Return the lines below exactly, from the first line to the line that contains "Ethiopia’s Ministry of". Leave out pictures.

[Data extracted from a collection]
◇ ◇ ◇ ◇
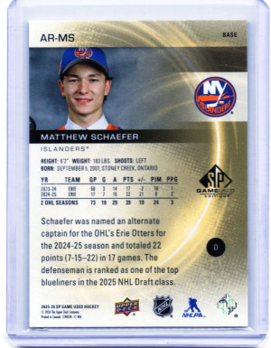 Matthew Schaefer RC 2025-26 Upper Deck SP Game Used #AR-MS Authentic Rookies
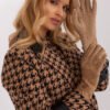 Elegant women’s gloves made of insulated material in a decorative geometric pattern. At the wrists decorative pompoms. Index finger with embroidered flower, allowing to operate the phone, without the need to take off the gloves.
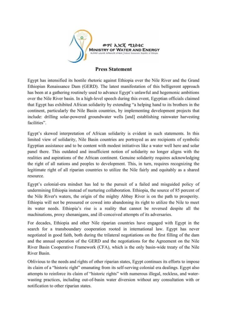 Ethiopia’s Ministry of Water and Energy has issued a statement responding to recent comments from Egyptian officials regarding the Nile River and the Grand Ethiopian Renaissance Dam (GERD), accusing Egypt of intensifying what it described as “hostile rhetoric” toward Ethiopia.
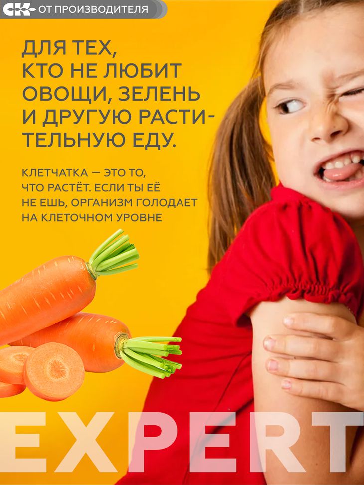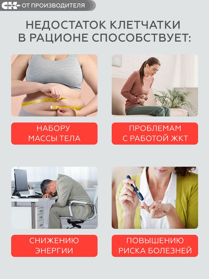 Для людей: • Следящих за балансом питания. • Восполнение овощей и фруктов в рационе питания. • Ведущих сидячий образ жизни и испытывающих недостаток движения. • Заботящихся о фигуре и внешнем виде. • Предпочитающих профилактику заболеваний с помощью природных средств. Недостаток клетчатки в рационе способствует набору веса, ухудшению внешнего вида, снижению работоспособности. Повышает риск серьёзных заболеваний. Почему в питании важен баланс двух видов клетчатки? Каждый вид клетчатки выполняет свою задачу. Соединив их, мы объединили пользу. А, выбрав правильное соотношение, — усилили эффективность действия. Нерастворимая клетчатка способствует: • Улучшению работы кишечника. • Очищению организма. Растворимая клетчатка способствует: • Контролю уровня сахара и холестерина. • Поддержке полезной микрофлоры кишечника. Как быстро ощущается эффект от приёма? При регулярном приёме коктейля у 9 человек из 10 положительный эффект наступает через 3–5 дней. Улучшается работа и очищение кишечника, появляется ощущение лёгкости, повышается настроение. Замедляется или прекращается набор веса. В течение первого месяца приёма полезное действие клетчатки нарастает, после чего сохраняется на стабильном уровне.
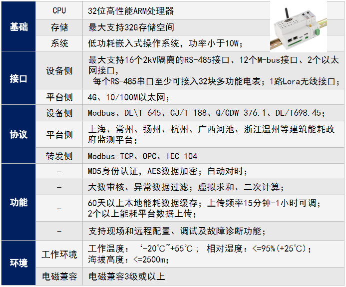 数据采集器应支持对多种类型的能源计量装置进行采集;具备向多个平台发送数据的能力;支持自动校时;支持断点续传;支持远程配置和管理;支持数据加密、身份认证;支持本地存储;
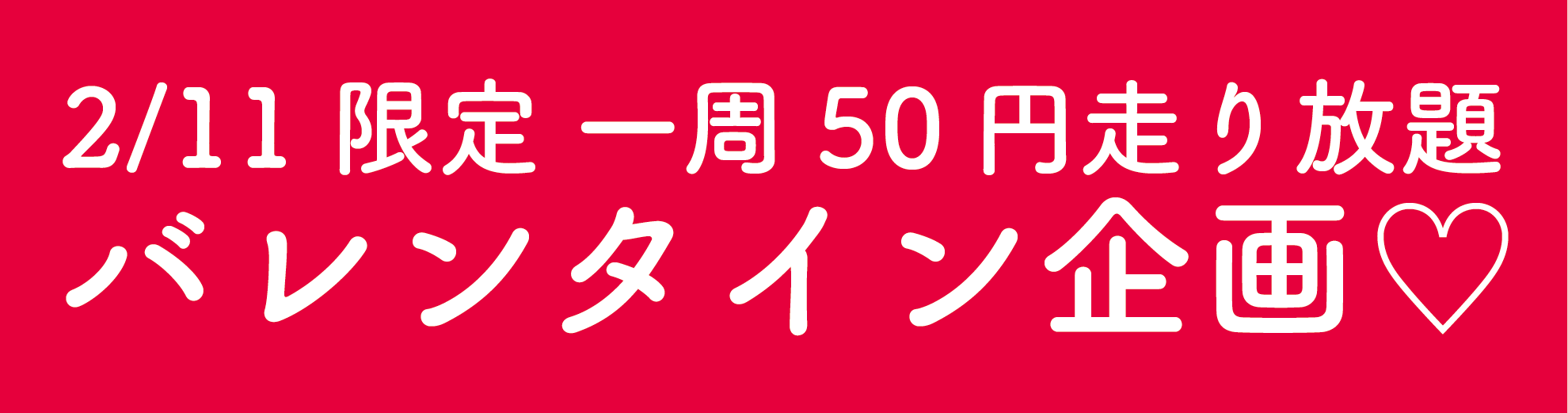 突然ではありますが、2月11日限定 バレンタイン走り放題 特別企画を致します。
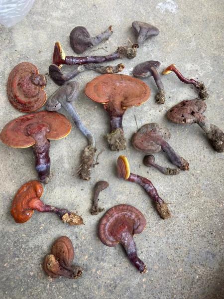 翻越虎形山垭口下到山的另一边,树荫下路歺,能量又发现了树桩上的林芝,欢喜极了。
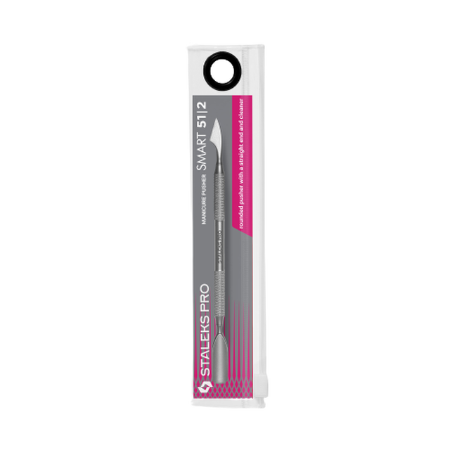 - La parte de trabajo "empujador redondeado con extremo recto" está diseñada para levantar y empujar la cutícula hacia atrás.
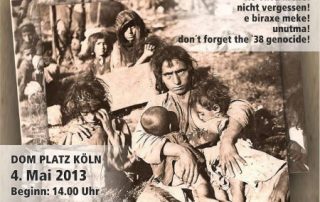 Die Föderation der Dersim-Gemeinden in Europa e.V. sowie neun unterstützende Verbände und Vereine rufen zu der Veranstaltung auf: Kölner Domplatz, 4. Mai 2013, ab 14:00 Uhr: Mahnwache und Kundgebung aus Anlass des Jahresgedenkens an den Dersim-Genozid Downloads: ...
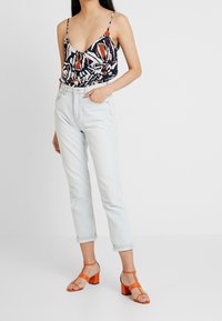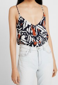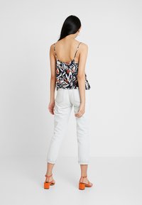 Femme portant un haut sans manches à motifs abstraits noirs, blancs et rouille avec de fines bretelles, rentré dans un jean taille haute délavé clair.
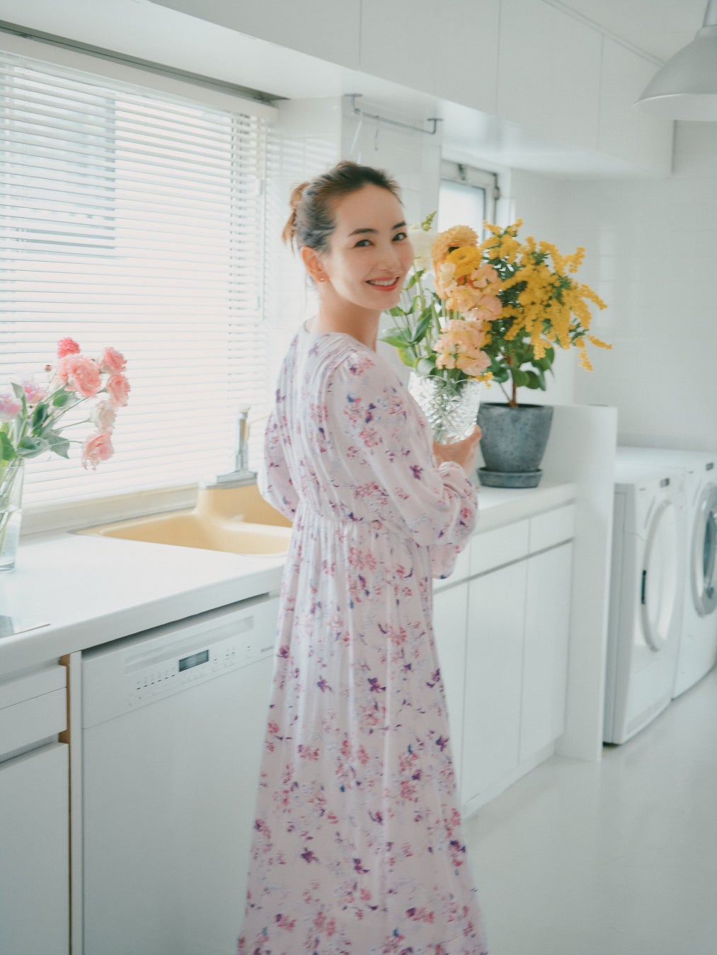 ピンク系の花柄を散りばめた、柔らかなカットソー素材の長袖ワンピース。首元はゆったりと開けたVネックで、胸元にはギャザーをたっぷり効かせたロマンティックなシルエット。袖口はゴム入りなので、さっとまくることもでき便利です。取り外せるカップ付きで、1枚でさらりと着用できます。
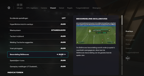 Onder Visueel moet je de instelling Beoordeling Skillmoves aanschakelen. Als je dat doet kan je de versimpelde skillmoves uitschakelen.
◇ ◇ ◇ ◇
**Exercise response:**
 Matthew Schaefer RC 2025-26 Upper Deck SP Game Used #AR-MS Authentic Rookies
 Elegant women’s gloves made of insulated material in a decorative geometric pattern. At the wrists decorative pompoms. Index finger with embroidered flower, allowing to operate the phone, without the need to take off the gloves.
 Ethiopia’s Ministry of Water and Energy has issued a statement responding to recent comments from Egyptian officials regarding the Nile River and the Grand Ethiopian Renaissance Dam (GERD), accusing Egypt of intensifying what it described as “hostile rhetoric” toward Ethiopia.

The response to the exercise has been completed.